Положил трубку и стал смотреть в окно. Потом надел плащ, сунул в карман авоську, захлопнул за собой дверь и проверил, хорошо ли она закрылась.
Ему нужно было купить два пакета молока, и уже через пять минут Финистов встал последним в небольшую очередь к молочному отделу.

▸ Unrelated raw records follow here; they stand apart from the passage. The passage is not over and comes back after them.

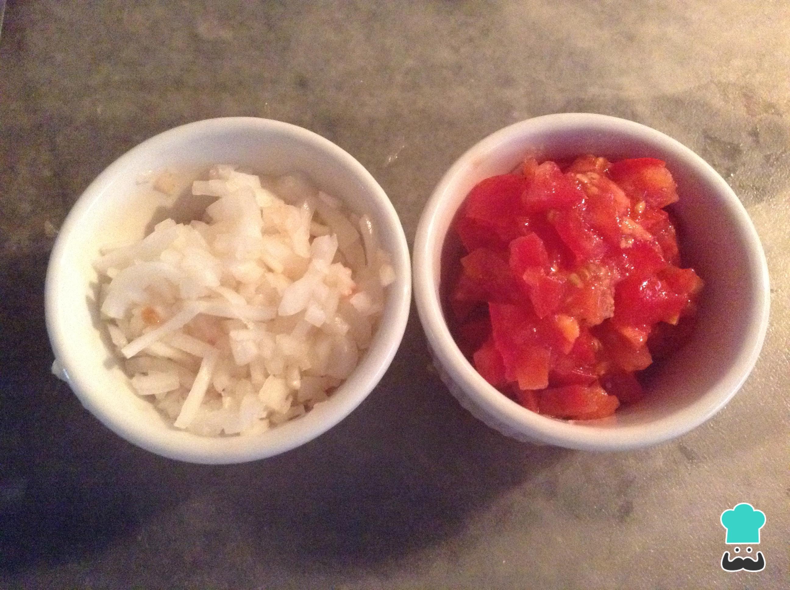 Lave e pique o tomate e a cebola em cubos pequenos.
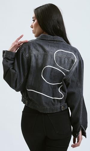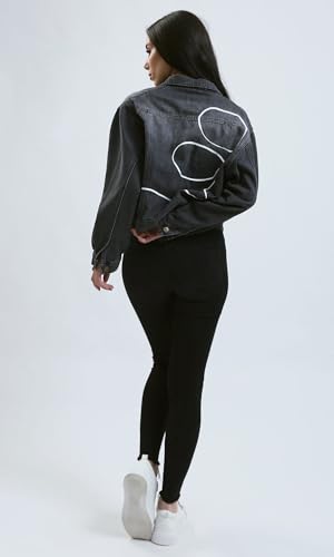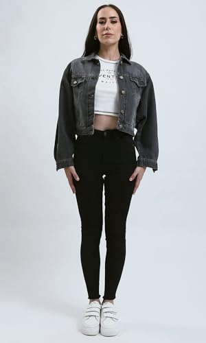 Ravin - ريفين جاكيت جينز للنساء بلون رمادي داكن وياقة مطوية لاسفل
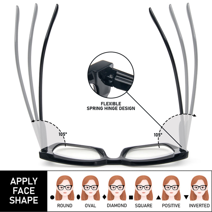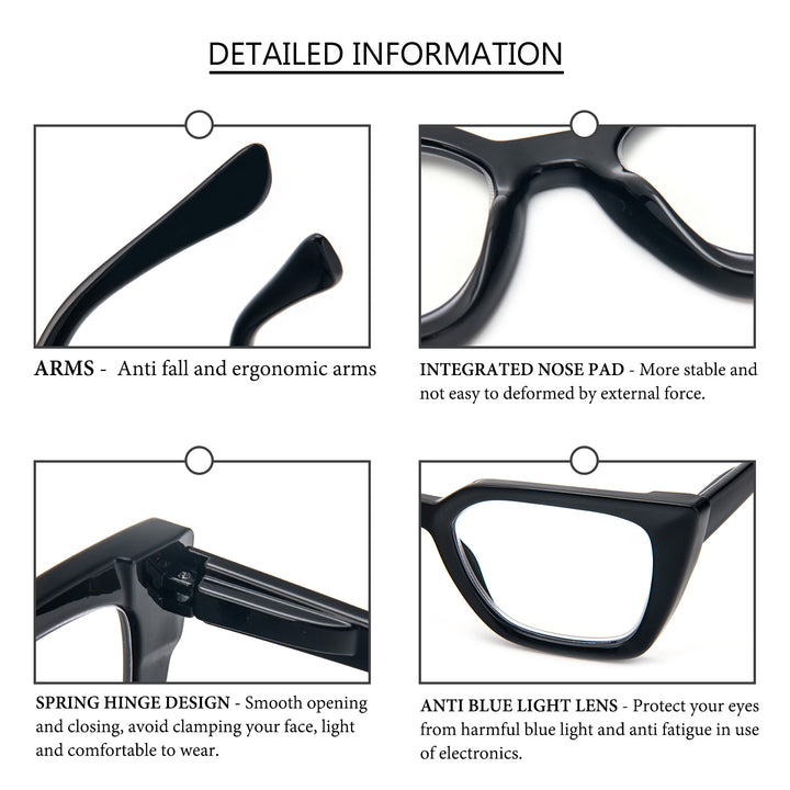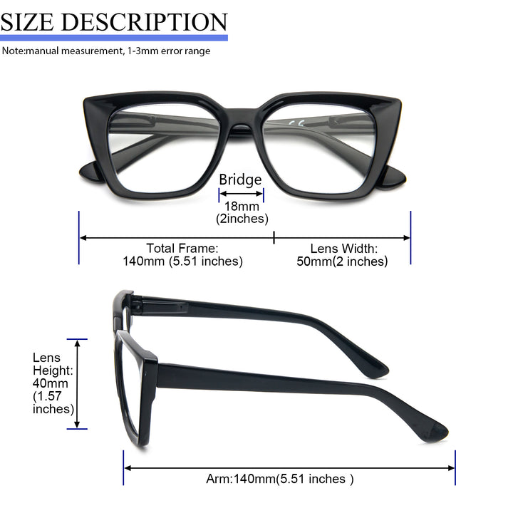 Reading Glasses for Men and Women Cat Eye Full Frame Square Style Reader
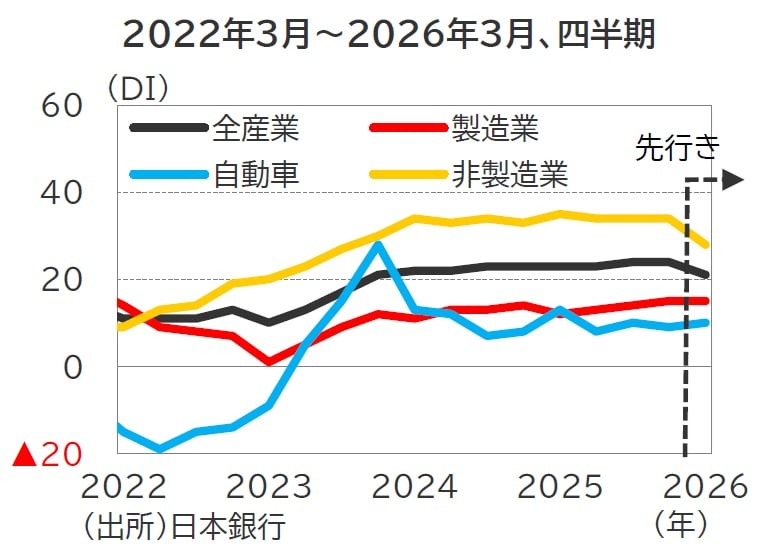 足もとの中東情勢緊迫化に伴うエネルギー価格上昇への懸念が景況感の重石となるなか、大企業製造業はAI関連需要が下支えになると予想しています(図表2)。
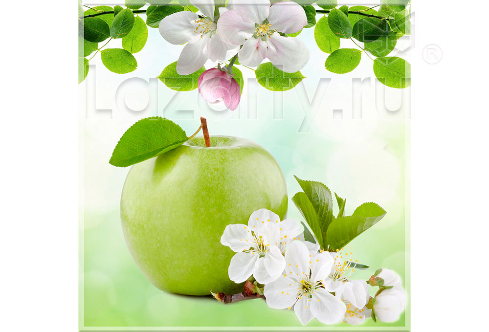 Оплата картой онлайн переводЗащитное стекло Весенние яблоки с изображением яблоневых цветов и фруктов актуально для отделки стен кухни.
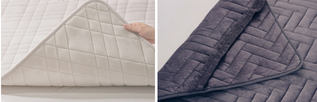 (좌) 스웨이드, (우) 고정밴드 경동나비엔 카본매트 EME520, EME550S, EME500는 침대에서의 매트 밀림을 방지하기 위한 장치들이 마련되어 있다. EME520, EME500은 매트 밑면에 스웨이드가 적용되어 침대와의 밀착력을 높여 미끄럼을 방지하고, EME550S는 침대와의 고정을 위한 밴드로 미끄럼을 방지하는데, 잠자는 동안 뒤척임이 심하다면 스웨이드만으로는 한계가 있기 때문에 고정밴드가 적용되어 있는 EME550S를 추천한다.

С годами он стал понимать, что, как это ни обидно, никакие усилия по созданию мыслимого им каталога не могут привести к успеху. Очевидная несообразность мирового устройства терзала его слабый мозг полной своей неразрешимостью. К сожалению, мир был настолько подвижен, что не мог уложиться в сколь угодно полное, но статическое содержание списка. Погруженный в поиски решения и подавляемый отсутствием такового, он бы, наверное, в конце концов сбился с круга, если бы не был однажды озарен светом идеи, устраняющей все противоречия.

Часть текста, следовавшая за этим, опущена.